The Forgotten Lucky Joe Hachem Hand
January 7, 2009 by Kris Jones
Filed under Sports
I’m watching the Joe Hachem narroration of the 2005 final table on ESPN right now. I always like the narroratives as it gives you a great look into what the player was thinking in each hand. I think Hachem is a strong player, but he really makes himself look bad talking about one hand. I had forgotten about it until I watched it today. In the hand in question, Hachem calls the blind with Qd7d. He says that he had made his mind up at this point that if Aaron Kantner makes a move on him, he’s pushing. Kanter does in fact raise and Hachem moves all-in which Kanter calls with pocket 9s.
Hachem had this description: “When he calls and I see pocket 9s I feel sick because I think it’s not a good call in my opinion. I played like I had something… unless he had a great read on me.”
Ok first of all, Hachem wasn’t that short stacked at the time. Like Dannenmann said, he had enough chips left to wait. So why get crazy at the WSOP final table and act blindly? Second of all, this is Aaron Kantner. I give him credit for advancing deep into the tournament but from what I’ve seen on tv, he looked like he was riding one hell of a hot streak. He out-drew and out-rivered a ton of people to make it as long as he did. That’s an tell-tell sign you’re not playing good poker if you’re constantly behind. So if you think the happy go lucky Aaron Kantner is going to lay down pocket 9s 4 handed, you’re delusional. Third, pocket 9s is a strong hand in this situtation. Sixth best hand in poker with four players in the game. Kantner did exactly what he should have done. He raised and then he protected his investment by calling Hachem’s all-in. Hachem had nothing and was lucky to catch the Q (as he admitted).

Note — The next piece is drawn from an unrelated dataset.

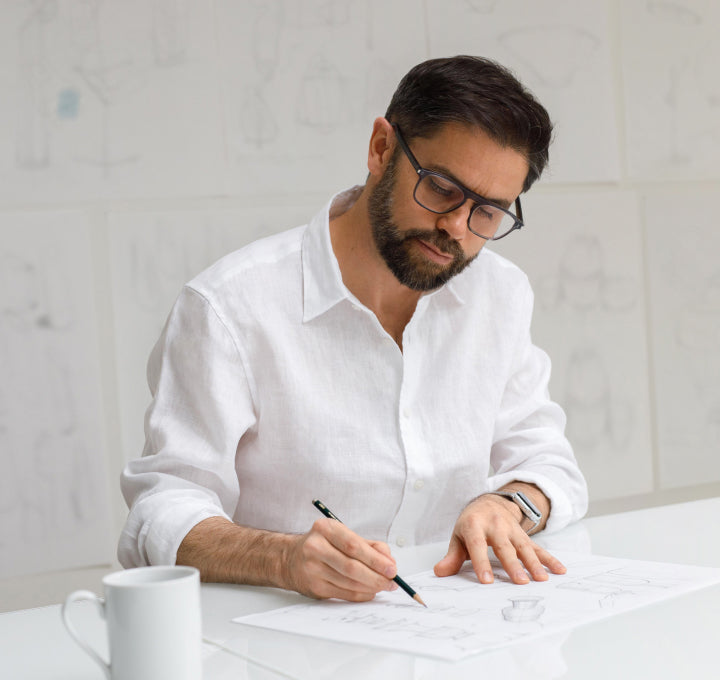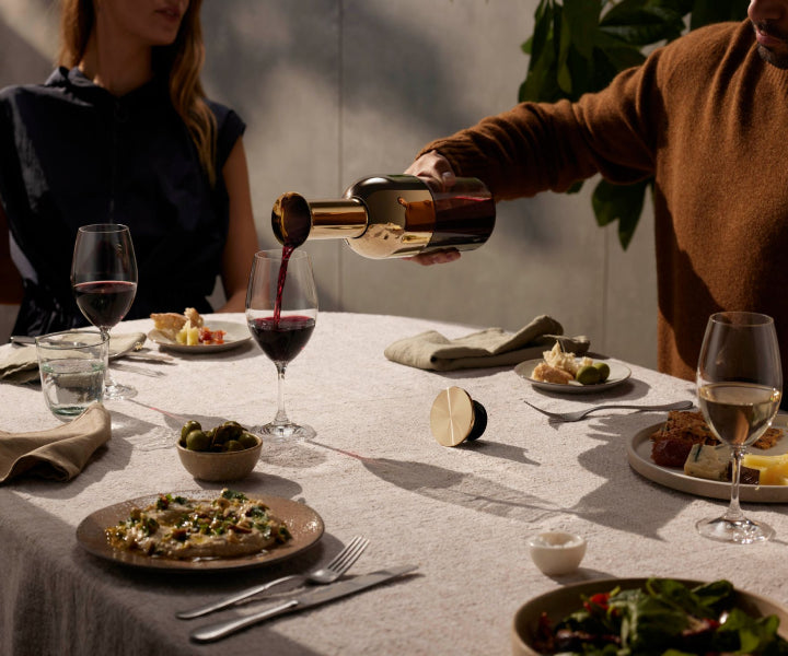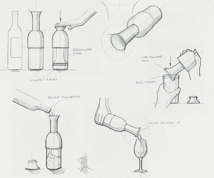 Tom’s early inspiration for ETO was discovering that wine experts routinely transfer leftover wine into a smaller container to minimise air contact. His vision began as a carafe that displaced air, and this grew into a eureka moment when he sketched a design that brought together decanting, pouring and preserving with elegance.

I really don’t like when poker players start slanting everything. Hachem is very good, but here he just made a very poor play and got lucky. You need a ton of luck to win the mammoth of all tourneys so I’m not begrudging him for bad beating someone. I’m just saying don’t try to put the onus on someone else because you made a horrible play. Hachem is complaining that Kantner called him when he should be mad at himself for risking a WSOP championship on Q7 suited.